- Born: 1956
- Died: 12 November 2022
- Citizenship: Australia

Academic background
- Education: Melbourne University Princeton University

Academic work
- Discipline: Mathematics
- Sub-discipline: Mathematical physics
- Institutions: Monash University

= Robert Bartnik =

Australian mathematician

Robert Bartnik (1956 – 2022) was an Australian mathematician based at Monash University. He was known for his contributions to the rigorous mathematical study of general relativity.

== Biography ==
Bartnik was born in 1956. He received his bachelor's and master's degrees from Melbourne University . He was a visiting scholar at the Institute for Advanced Study in 1980–81. He received a PhD in mathematics from Princeton University in 1983, where his advisor was Shing-Tung Yau. He then had postdoctoral positions at New York University and Stanford University, then returned to Australia in 1985.

Bartnik was a Clay Senior Scholar, August to December 2005.

In 2004 he was elected to the Australian Academy of Science, with citation:

Professor Bartnik is renowned internationally for the application of geometric analysis to mathematical problems arising in Einstein's theory of general relativity. His work is characterised by his ability to uncover new and anticipated phenomena in space-time geometry, often employing sophisticated tools from linear and nonlinear partial differential equations as well as elaborate numerical computations. He has contributed greatly to our understanding of the properties of the Einstein equations and gravitation.

Bartnik died in 2022. A visiting fellowship programme at Monash University bears his name.

== Research ==
His work with John McKinnon has been widely studied in the physics literature. They show that there is a discrete set of static solutions to the coupled Einstein/Yang-Mills equations which are geodesically complete and asymptotically flat. This is interesting since such solutions are known not to exist in the cases of the Einstein vacuum equations, the coupled Einstein/Maxwell equations, and the Yang-Mills equations. Although Bartnik and McKinnon's work was numerical, their observed phenomena has been mathematically justified by Joel Smoller, Arthur Wasserman, Shing-Tung Yau, and Joel McLeod.

In the mathematics literature, he was known for his work with Leon Simon on solving the Dirichlet problem for prescribed mean curvature, in the setting of spacelike hypersurfaces of Minkowski space. His most widely cited work is on the geometric and analytic study of the ADM mass. He showed that it is geometrically defined by constructing "optimal" asymptotically flat coordinates, and gives an extension of Edward Witten's proof of the time-symmetric positive energy theorem to the higher-dimensional spin setting.
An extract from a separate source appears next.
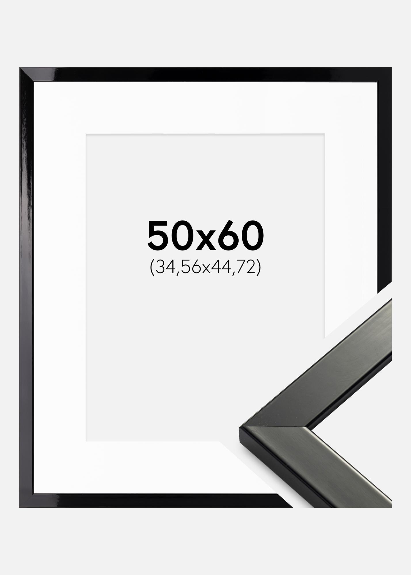 Moldura Uppsala Preto Acabamento brilhante 50x60 - Passe-partout Branco 14x18 in

=== Major publications ===
As of 2022, Bartnik had been the author of around 30 research articles. The following publications are among the best-known:

- Bartnik, Robert (1982). "Spacelike hypersurfaces with prescribed boundary values and mean curvature"
- Bartnik, Robert (1984). "Existence of maximal surfaces in asymptotically flat spacetimes"
- Bartnik, Robert (1986). "The mass of an asymptotically flat manifold"
- Bartnik, Robert (1988). "Particlelike solutions of the Einstein–Yang–Mills equations"
- Bartnik, Robert (2004). "The constraint equations"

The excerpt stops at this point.